YOUR GOAL.
Only the lines from the one with "Flăcările au pornit" through the end of the data below belong in the answer, restated word for word, pictures excluded.

DATA BLOCK.

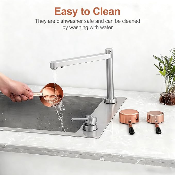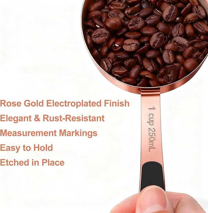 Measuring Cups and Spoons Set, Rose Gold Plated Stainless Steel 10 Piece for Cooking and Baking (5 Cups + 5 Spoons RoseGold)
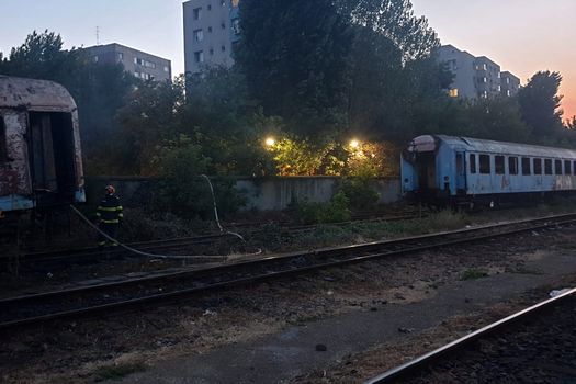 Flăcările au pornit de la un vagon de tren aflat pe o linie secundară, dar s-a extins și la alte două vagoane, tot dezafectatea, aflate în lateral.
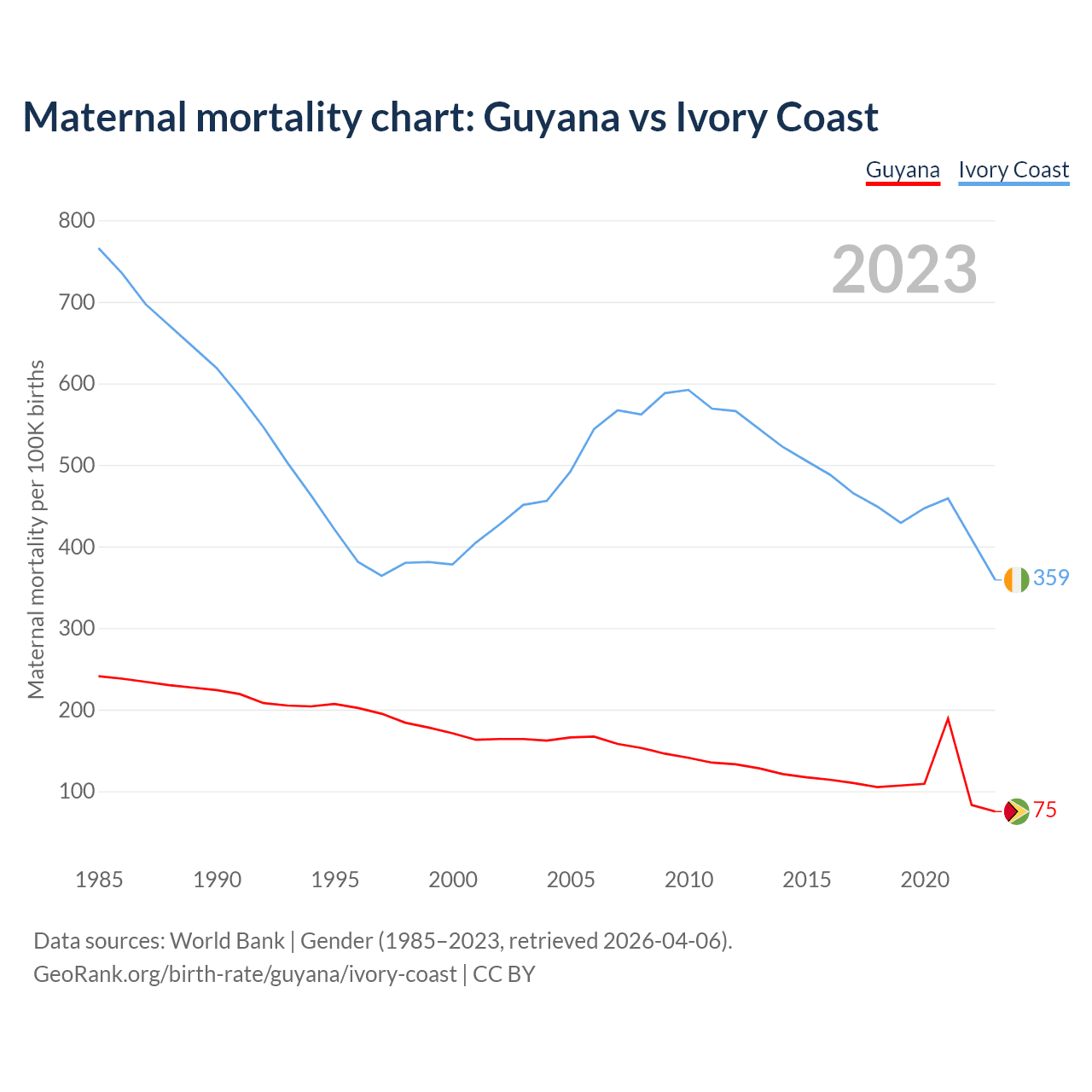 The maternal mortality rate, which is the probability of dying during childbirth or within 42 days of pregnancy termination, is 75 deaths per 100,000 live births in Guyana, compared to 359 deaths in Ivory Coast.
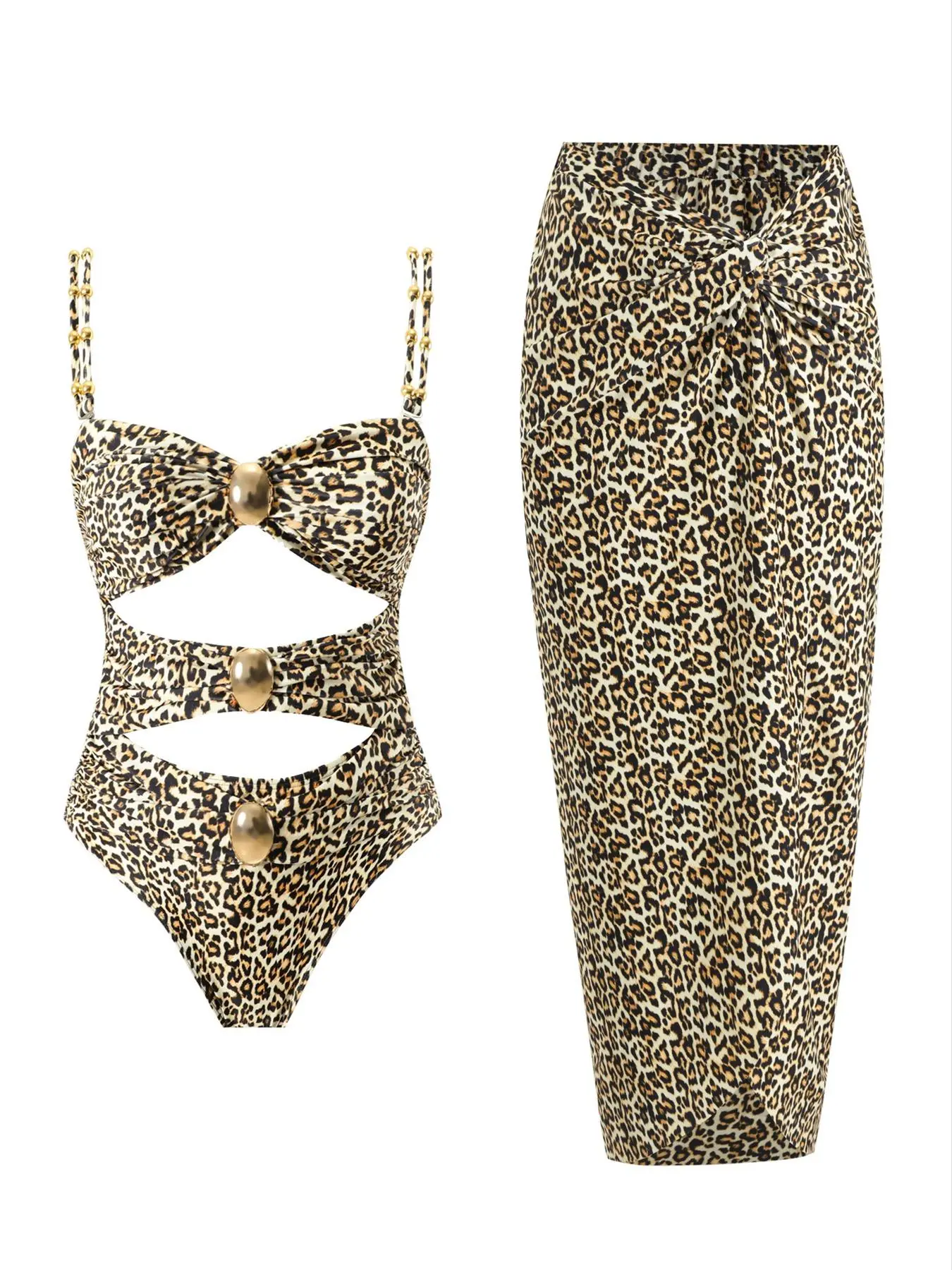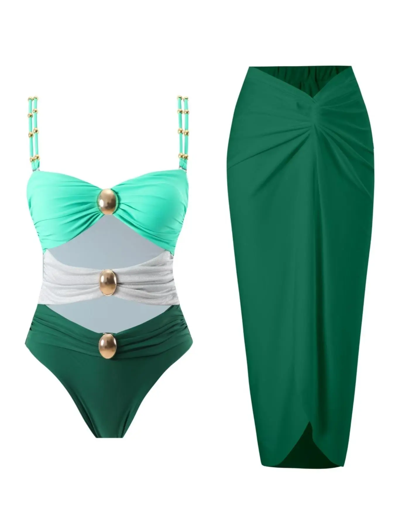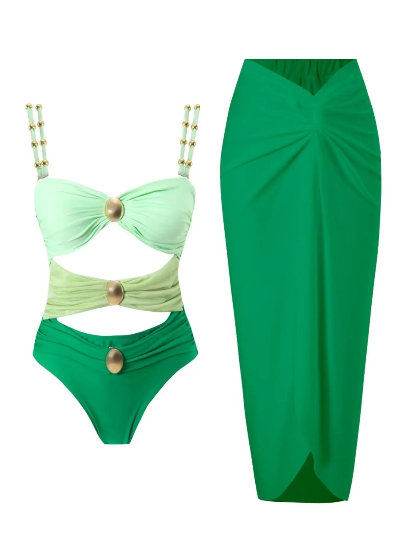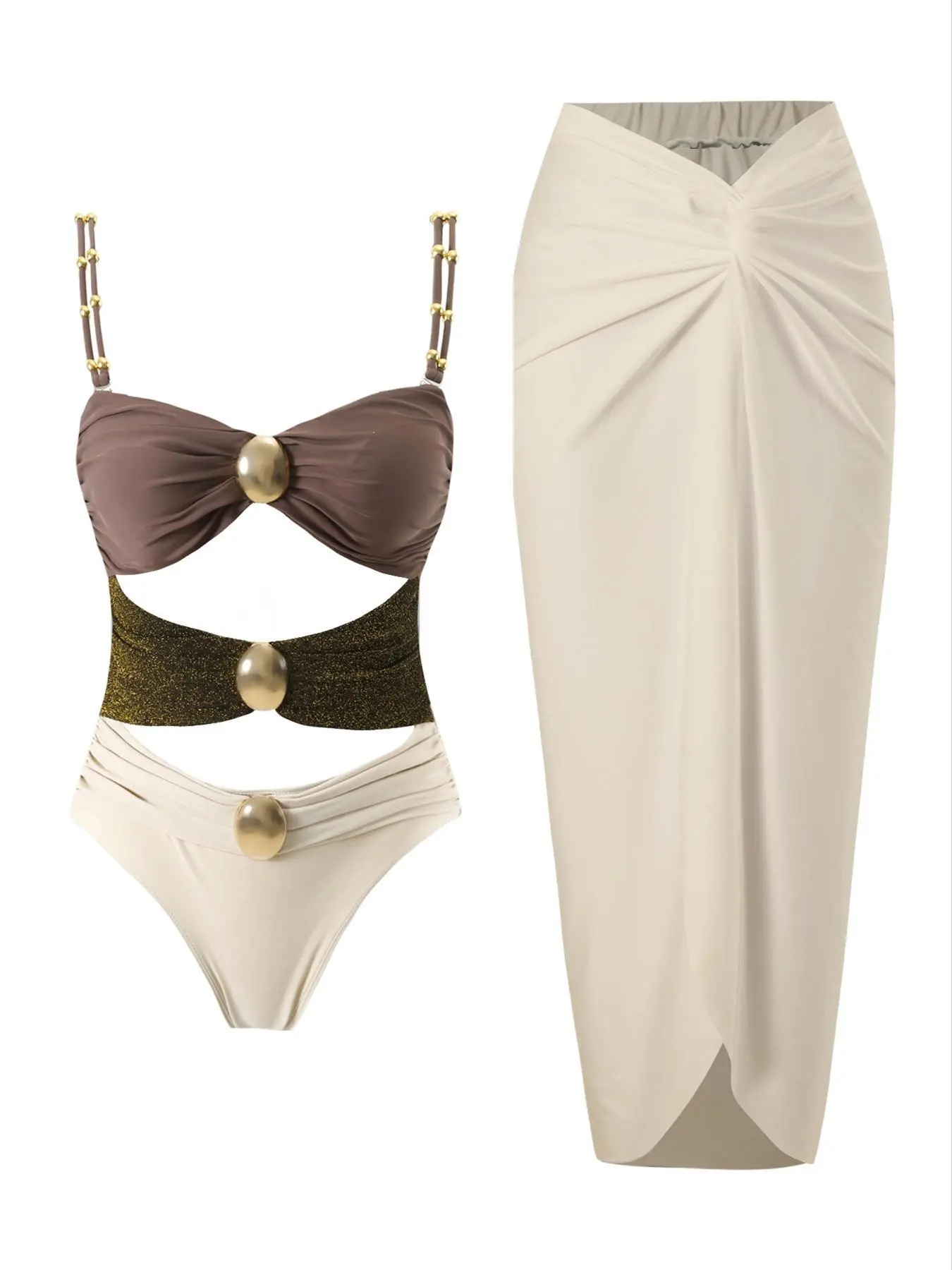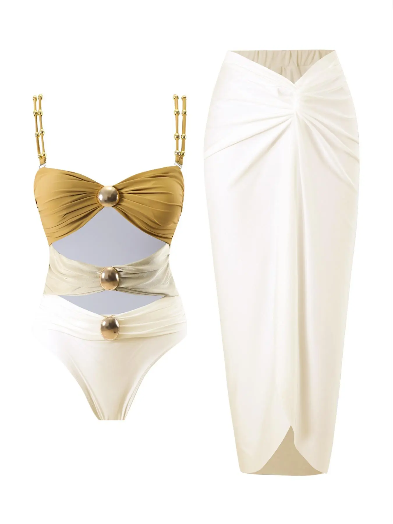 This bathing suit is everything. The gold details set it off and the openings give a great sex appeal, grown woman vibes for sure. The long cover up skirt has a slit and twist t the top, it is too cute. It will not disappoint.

TASK ANSWER.
 Flăcările au pornit de la un vagon de tren aflat pe o linie secundară, dar s-a extins și la alte două vagoane, tot dezafectatea, aflate în lateral.
 The maternal mortality rate, which is the probability of dying during childbirth or within 42 days of pregnancy termination, is 75 deaths per 100,000 live births in Guyana, compared to 359 deaths in Ivory Coast.
 This bathing suit is everything. The gold details set it off and the openings give a great sex appeal, grown woman vibes for sure. The long cover up skirt has a slit and twist t the top, it is too cute. It will not disappoint.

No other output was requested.